# THE TASK
In the data below, restate exactly the lines from the one with "カフェ・スペースと天井スギ羽目板" to the final line, both included, but not the pictures.

Dataset entries
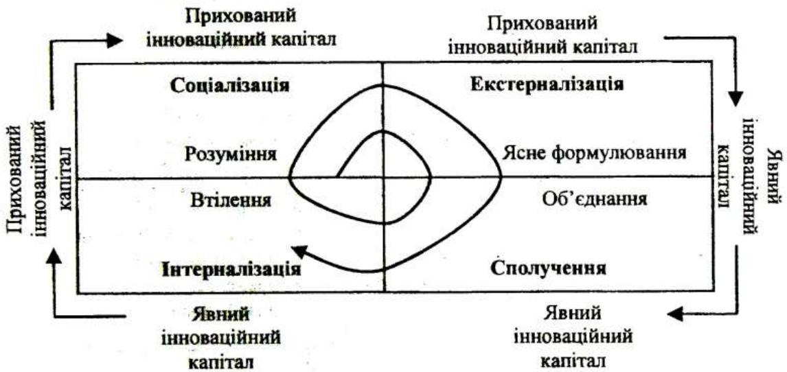
Рисунок 1 – Формування інноваційного капіталу у окремого співробітника

Розглянемо більш детально перший етап (рис.1).
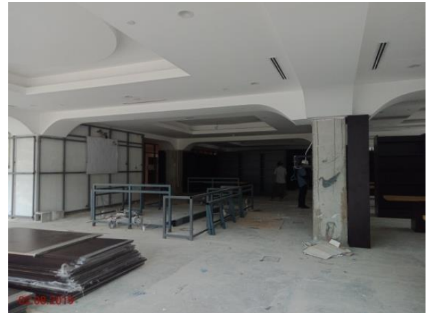
Aras Tanah – Kaunter Perpustakaan
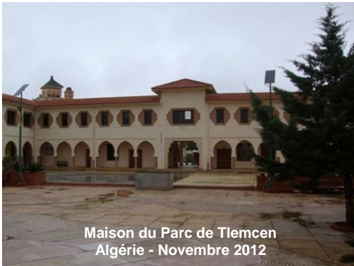
Maison du Parc de Tlemcen Algérie - Novembre 2012

La quatrième réunion du Comité d'Organisation de la Troisième Semaine Forestière Méditerranéenne (III SFM) a été l'occasion de discuter les questions suivantes : la stratégie de communication avec les médias, les termes de référence pour plusieurs sessions de la III SFM, le déroulé de la visite de terrain prévue le mercredi 20 mars 2013 et l'organisation du segment ministériel programmé à la fin de la conférence le jeudi 21 mars 2013.
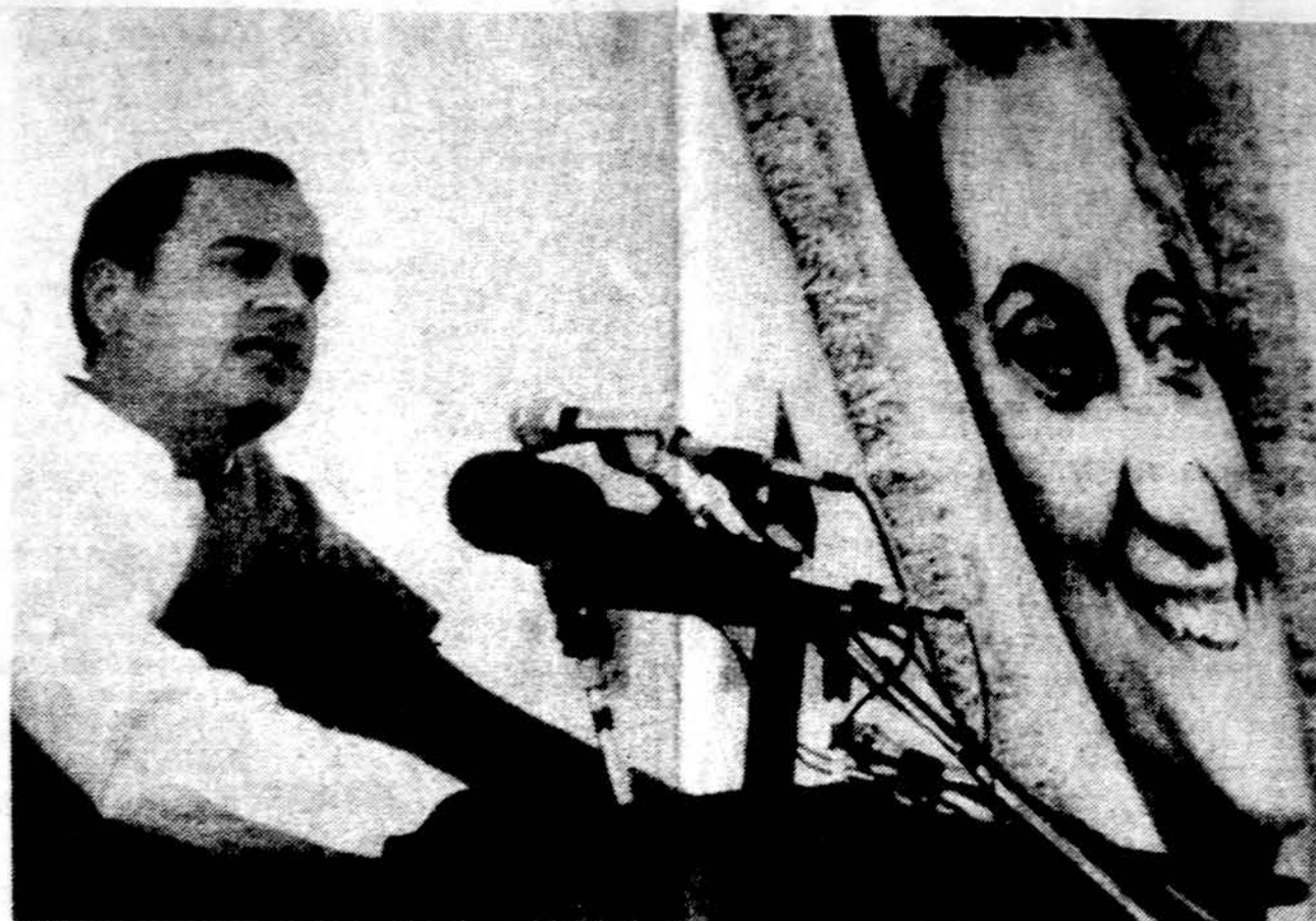
Indijos premjeras Rajiv Gandhi rinkimų kampanijoj šalia savo motinos, nužudytos premjerės Indros Gandhi, portreto. Premjeras išvalė savo kongreso partijos kandidatų sąrašą, išmes-

— Japonija įteikė Sovietų Sąjungai protestą dėl sovietų bombonešių pakartotinai vykdymų japonų oro erdvės pažeidimų ir pareikalavo juos sustabdyti.
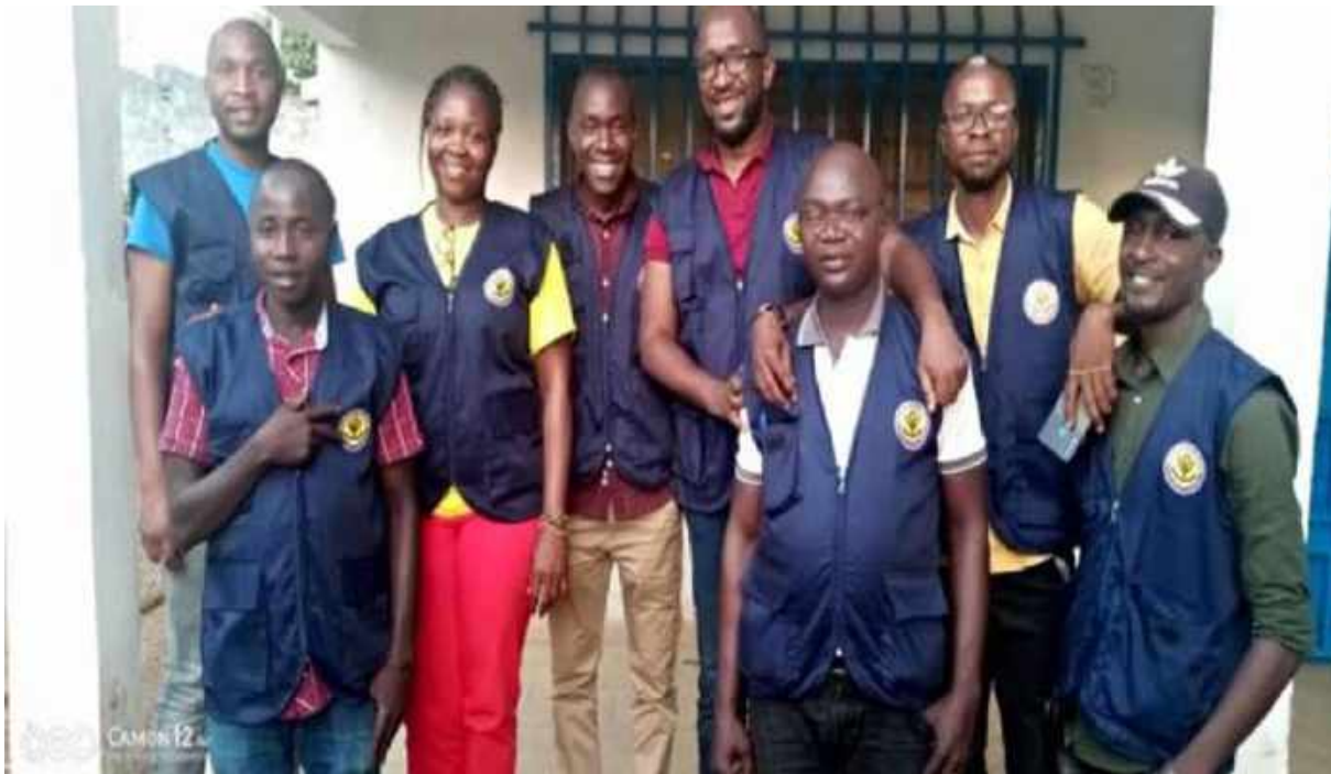
Photo de l'équipe d'identification juste après leur orientation sur le questionnaire

Cette journée d'orientation s'est achevée par des séances de simulation pratique de remplissage du questionnaire entre agents suivies de la remise des imprimés du questionnaires aux travailleurs sociaux en fonction du nombre de personnes à identifier par zone.
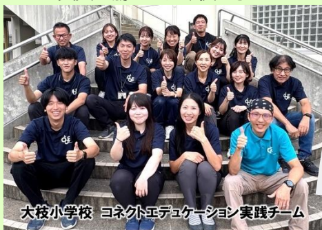
大枝小学校 コネクテッドエデュケーション実践チーム

この受賞を励みに、今後も子どもたちのために教職員一丸となつてますます尽力いたします。
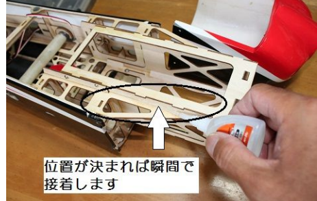
位置が決まれば瞬間で接着します

カウリングを仮合わせし、防火壁ブロックを前後にスライドして長さを調整して、ネジ止めと瞬間で固定します。
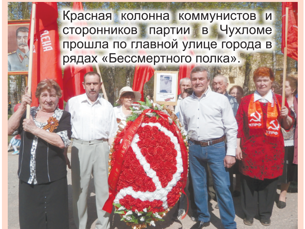
Красная колонна коммунистов и сторонников партии в Чухломе прошла по главной улице города в рядах «Бессмертного полка».
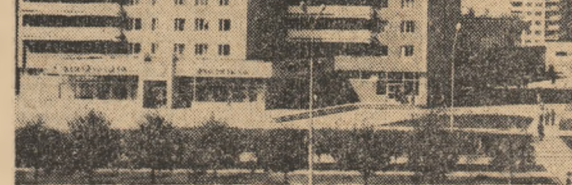
R.P. MONGOLĂ: Imagine din unul din noile și modernele cartiere ale capitalei țării, Ulan Bator, aflată în plină înnoire urbanistică

CIUDAD DE MEXICO 3 (Agerpres). In capitala Mexicului a avut loc o reuniune regională în problema dezarmării, la care au participat reprezentanți ai unor organizații obștești, activiști sindicali, juriști, scriitori, profesori universitari și ziaristi din 15 țări, situate în America Latină și bazinul Mării Caraibiilor. In cadrul dezbaterilor, s-a subliniat necesitatea amplificării acțiunilor pentru a se explica opiniei publice naționale și internaționale problemele pe care le reprezintă pentru omenire creșterea nestăvilnică a producției și stocurilor de arme nucleare.
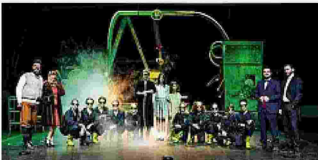
Punto di riferimento del quartiere Il Teatro di Rifredi in via Vittorio Emanuele II
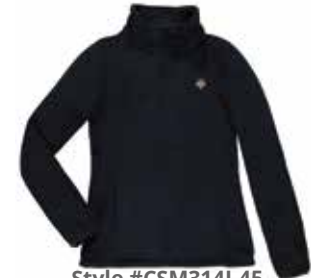
Style #CSM314J-45 Veste de polar à col 18-Polar
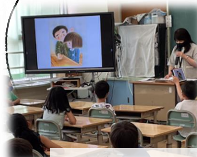
お話一座の方々による 絵本の読み聞かせ
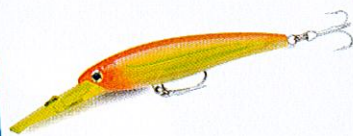
X Rap Magnum 20 - Rapala
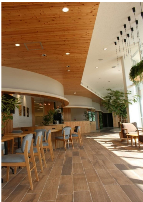
カフェ・スペースと天井スギ羽目板
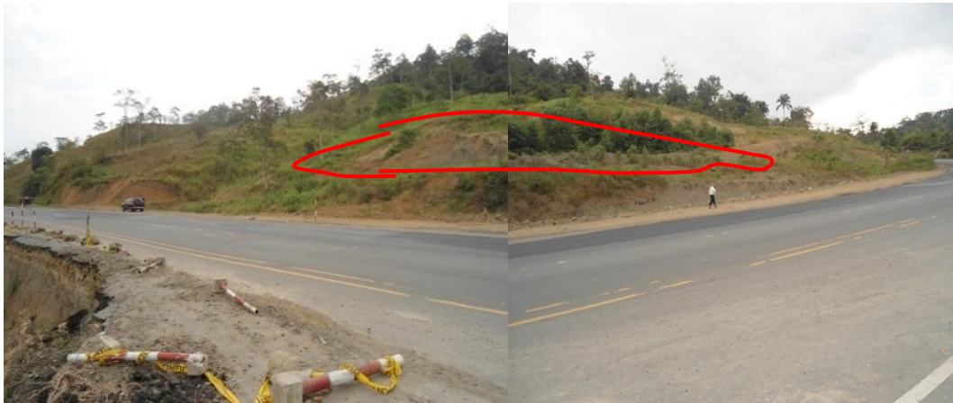
Foto 4.- Área de deslizamiento no removido.

En las rocas arcillosas hemos visto en varios otros sitios como comúnmente se asocian con los fenómenos de erosión de los suelos los deslizamientos de todas las magnitudes posibles de acuerdo a la geomorfología del sitio. En este caso se encuentra un deslizamiento cuyo espesor ha sido removido en un 40% en especial desde la pata hacia cerca del centro del cuerpo.

# ANSWER SPACE
カフェ・スペースと天井スギ羽目板
Foto 4.- Área de deslizamiento no removido.

En las rocas arcillosas hemos visto en varios otros sitios como comúnmente se asocian con los fenómenos de erosión de los suelos los deslizamientos de todas las magnitudes posibles de acuerdo a la geomorfología del sitio. En este caso se encuentra un deslizamiento cuyo espesor ha sido removido en un 40% en especial desde la pata hacia cerca del centro del cuerpo.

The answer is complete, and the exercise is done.